Roe, the Sequel
We mean Justice Scalia's far more prophetic dissent a few years back in Planned Parenthood v. Casey. Though that case involved abortion, Mr. Scalia's larger point was about the culture wars that were unleashed on the body politic the last time our judiciary presumed to "settle" a contentious social issue that properly rests with the people's elected representatives.
"By foreclosing all democratic outlet for the deep passions this issue arouses," he wrote, "by banishing the issue from the political forum that gives all participants, even the losers, the satisfaction of a fair hearing and an honest fight, by continuing the imposition of a rigid national rule instead of allowing for regional differences, the Court merely prolongs and intensifies the anguish." That is one legacy of Roe v. Wade.
We were reminded of this by Massachusetts Chief Justice Margaret Marshall's 4-3 majority opinion this week defining marriage as an "evolving paradigm" and declaring there exists no "constitutionally adequate reason for denying civil marriage to same-sex couples." Can anyone doubt that the Massachusetts High Court has started another Thirty Years War?
So let's be clear. Notwithstanding headlines trumpeting that Massachusetts has just opted for gay marriage, the people of that commonwealth did no such thing. It is four liberal judges on the Massachusetts Supreme Court who, egged on by well-connected and politically powerful gay rights activists, have imposed their own moral values on the rest of its citizens.
This is no coincidence. Despite Justice Marshall's solemn talk about an "evolving paradigm," most gay rights champions don't believe Americans have evolved that much.
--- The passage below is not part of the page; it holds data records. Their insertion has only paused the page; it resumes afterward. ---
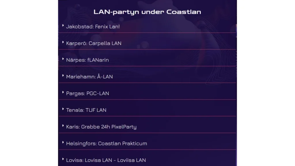 Coastlan är ett projekt som samlar gamers i Svenskfinland till lokala LAN-partyn längs den finlandssvenska kusten.
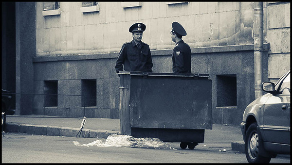 Вообщем, "досмотр" был реально на уровне Гистапо, только не хватало ударов дубинкой - Носки снимал, стельки вынимал, сумку вытряхивал- это очень смешно...поскольку, как я упоминал, я в то время болел, и ходил в поликлинику, как на работу, и у меня скопились упаковки от бахил... - и я как дурак, кидал их всумку:pardon:, каково было лицо полицейских, когда они увидели 30 штук упаковок от бахил, которые выглядят - вы поняли как что...:ovca:- их глаза выглядили на "на пять пятаков", либо им погоны виделись, либо денежки - одному богу известно, но это просто смешно было... однако вернёмся к происходящему, как вы помните я был на едине с обыскивающим меня сержантом, но тут появились два понятых:shok:... и как вы думаете, кто это были? - добропорядочные граждане?... хотелось бы надеяться на это... нет дорогой читатель, это были два милицейских....:rofl:....
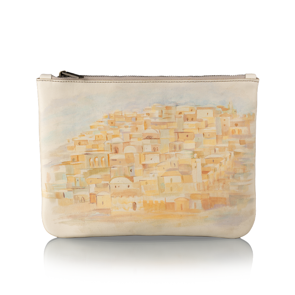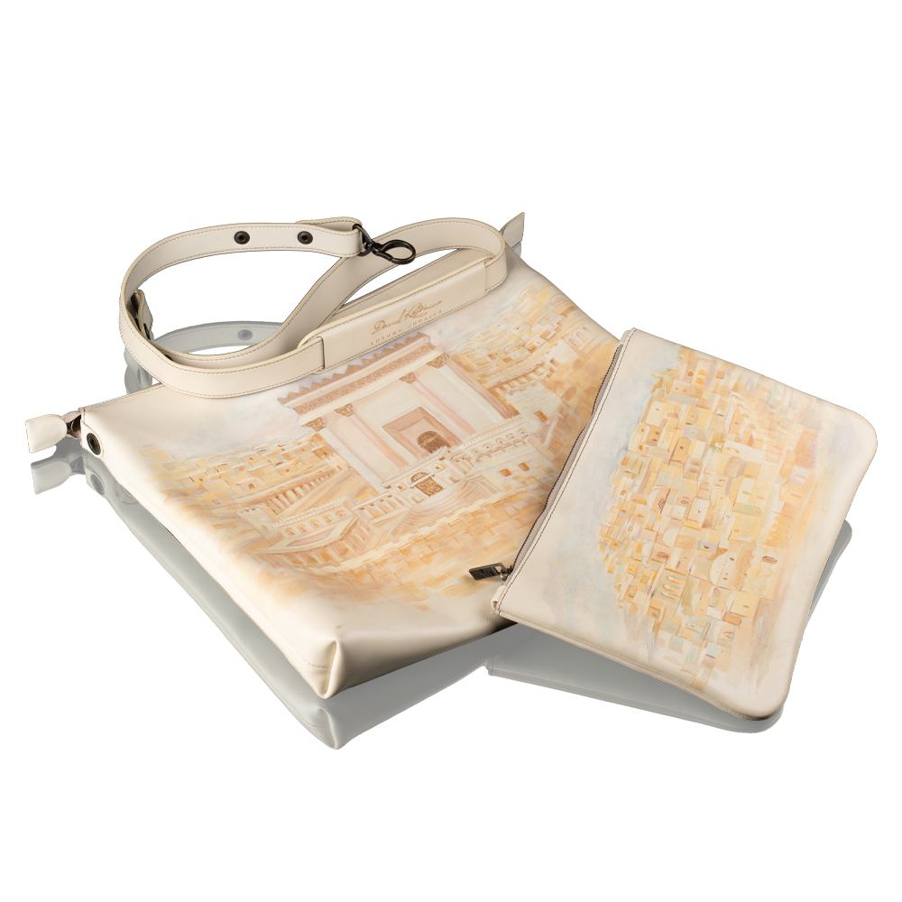 Exclusive luxury accessories, from the cult design house David Roytman Luxury Judaica, will not only declare your confident position in society, but also become a direct confirmation of impeccable taste. Buying a set "Jerusalem" for tallit and tefillin from the Art Collection you become the owner of original products, the quality of which will please you for many years. When sewing bags, masters chose natural Italian leather, and hand-painted with acrylic. The bags are securely closed with a metal zip.
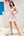 Sød en linje fra skulderen blå trykt kort hjemkomstkjole med flæser
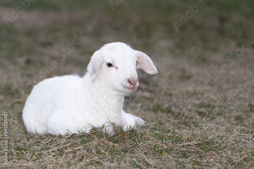© Guy Sagi, Obraz premium Bright white sheep lamb laying down
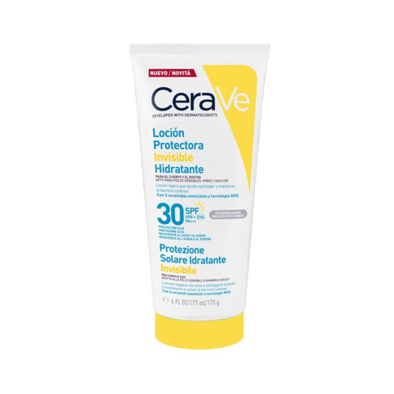 CeraVe Loción Protectora Invisible Hidratante SPF30 177 ml ofrece protección solar de amplio espectro SPF30 frente a rayos UVA y UVB, con textura ligera y acabado invisible. Enriquecida con 3 ceramidas esenciales y tecnología MVE, ayuda a mantener la hidratación y reforzar la barrera cutánea. Resistente al agua, sudor y arena. Sin perfume y no comedogénica.

And they know they'd have an almost impossible time getting this new "paradigm" past most state legislatures. In other words, it's precisely the American public whom they most fear and whose voice they want to keep out of this process.
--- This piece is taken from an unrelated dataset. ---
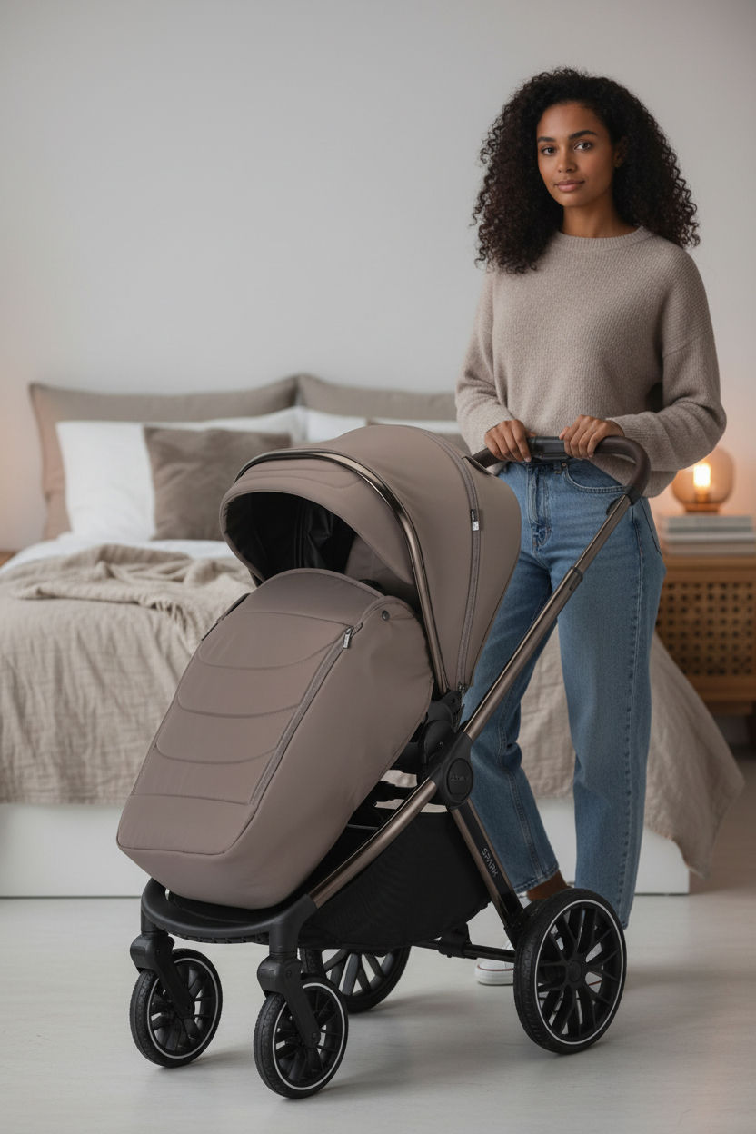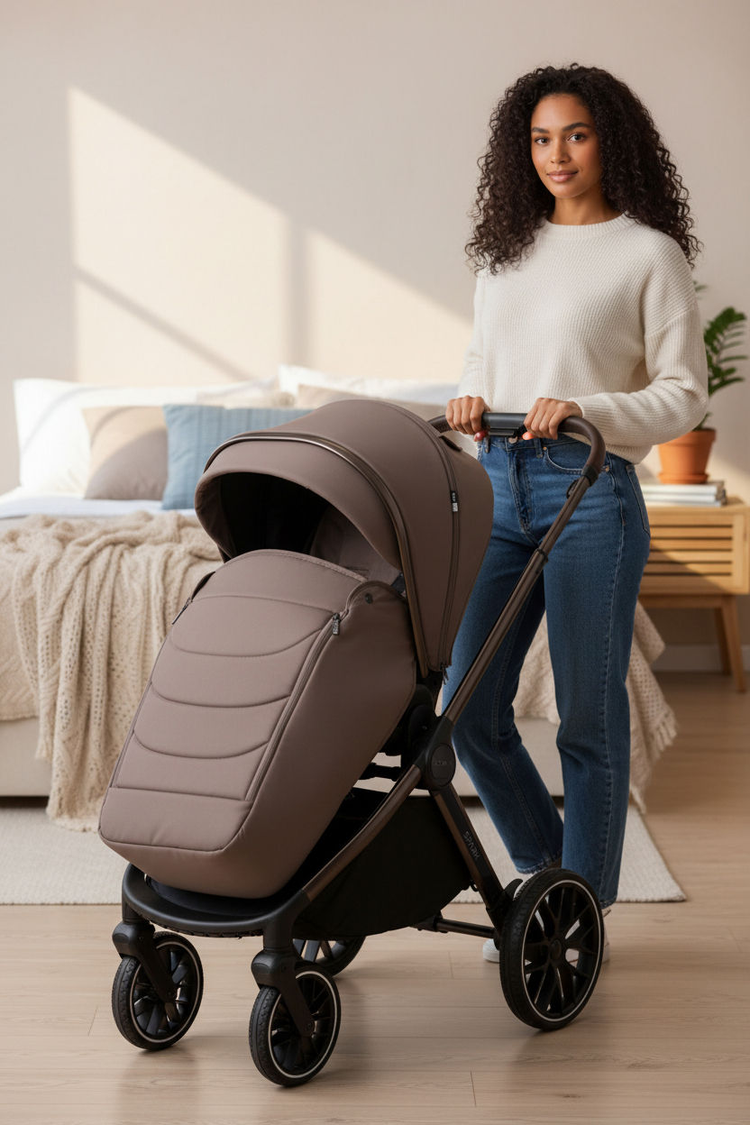Dzięki przedniej i tylnej amortyzacji wózek zapewnia komfortową jazdę po wszystkich nawierzchniach, a teleskopowa rączka z szerokim zakresem regulacji dostosowuje się do wzrostu każdego rodzica

So they've done what liberals so often do: Provoke some state court decisions in hopes that the U.S. Supreme Court will finally do the legislating for them. This sure beats having to persuade your fellow Americans through democratic debate. Did we mention that Justice Marshall's very first legal citation, in the second paragraph of her decision, is Lawrence?
The tragedy here is that the first casualty of an all-or-nothing court clash over "rights" is any kind of reasoned debate or workable social consensus. American attitudes toward homosexuality are plainly changing, and many companies, including the one we work for, already extend full benefits to same-sex partners. We believe that this signals most Americans are at least open to persuasion about increasing the rights of gay Americans, including but not limited to marriage.
But what the Massachusetts High Court gave America in Goodridge v. Dept. of Public Health is not an argument, much less an open debate. It is instead a unilateral declaration that the assumptions and values that have defined one of civilization's oldest and most vital institutions -- marriage -- should be tossed out the window. And if you don't agree they're going to force it on you anyway.
Millions of Americans who have other views are not going to accept this moral diktat, and so once again our politics will be polarized by the cultural furies. When the fighting starts, let's all be clear about who fired the first shot.
My take:Watch quickly for Senate Republicans to use this as a rallying point for why nominees currently being Borked need up or down votes. The Democrats should tread softly and be careful what they ask for. A renewed interest in a judiciary that relies on Textualism, Originalism, Constructionism, etc is exactly what they don't want, but may be exactly what they get as a result of this opinion.